As fêmeas defendem seus ninhos.
Especialmente durante o período de acasalamento,
os machos da maioria das espécies protegem seu território.
Por serem ágeis,
os beija-flores conseguem expulsar aves bem maiores,
como corvos e gaviões.
Eles chegam até a atacar humanos.
Apesar de serem minúsculos,
os beija-flores estão sempre prontos para defender a si mesmos
e seus meios de sobrevivência.
Uma manada de elefantes africanos é uma vista impressionante.
Uma família de elefantes é formada por fêmeas adultas aparentadas e seus filhotes.
Nessa família unida, um ajuda o outro.
Os elefantes têm uma excelente memória, e isso fortalece sua união.
Eles se lembram e reconhecem uns aos outros, mesmo depois de muito tempo separados.
Quando um elefante jovem está agitado,
elefantes mais velhos o tranquilizam por se aproximarem e tocarem nele com o corpo ou a tromba.
Se um elefante está fraco ou ferido,
outros elefantes tentam ajudá-lo a se levantar e a ficar de pé.
Os elefantes mais jovens aprendem com os mais velhos técnicas de sobrevivência
como encontrar comida e água.
Em períodos de seca,
a manada talvez tenha que viajar longas distâncias para encontrar água.
Os elefantes mais velhos vão na frente ajudando os mais novos a fazer a viagem.
Como os elefantes sabem o caminho?
Os elefantes mais velhos se lembram por décadas dos lugares onde já econtraram água,
mesmo que esses lugares estejam a quilômetros de distância.

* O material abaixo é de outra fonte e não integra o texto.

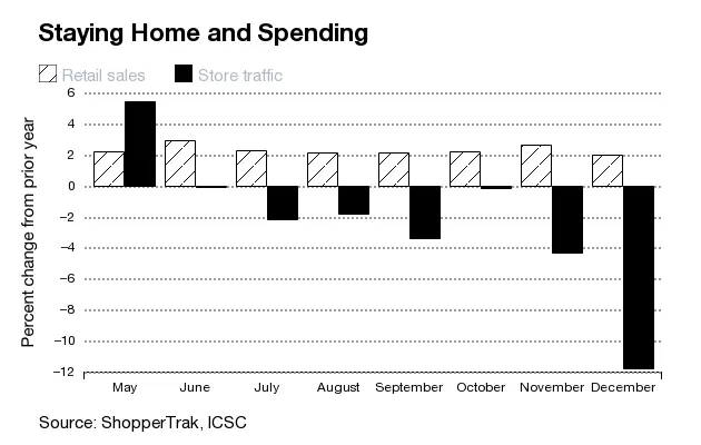 美国消费者在最近几周提供了很多线索,表明他们渴望在沙发上购物。感恩节假期期间的店内客流量和消费 在许多指标上都很惨淡。但根据 IBM的数据,“网络星期一”的在线购物比2012年增长了 21%。从大规模来看,这一趋势应该对任何愿意从轶事报告和半科学调查中放眼全局的经济学家或供应链顾问来说都是显而易见的。以下是一个30,000英尺的视角,显示过去七个月店内客流量一直在稳步下降。在此期间,美国消费者整体上花费的钱比2012年更多。

Então eles ensinam para a geração mais jovem onde ficam esses lugares.
A família também oferece proteção contra predadores.
Quando atacado, um elefante pode avançar contra o inimigo
usando como arma as presas, a tromba e os pés.
Para proteger suas crias dos predadores, elefantes adultos formam um círculo em volta delas.
Se um membro da manada é gravemente ferido,
outros elefantes, incluindo os mais jovens, corajosamente vêm em sua defesa.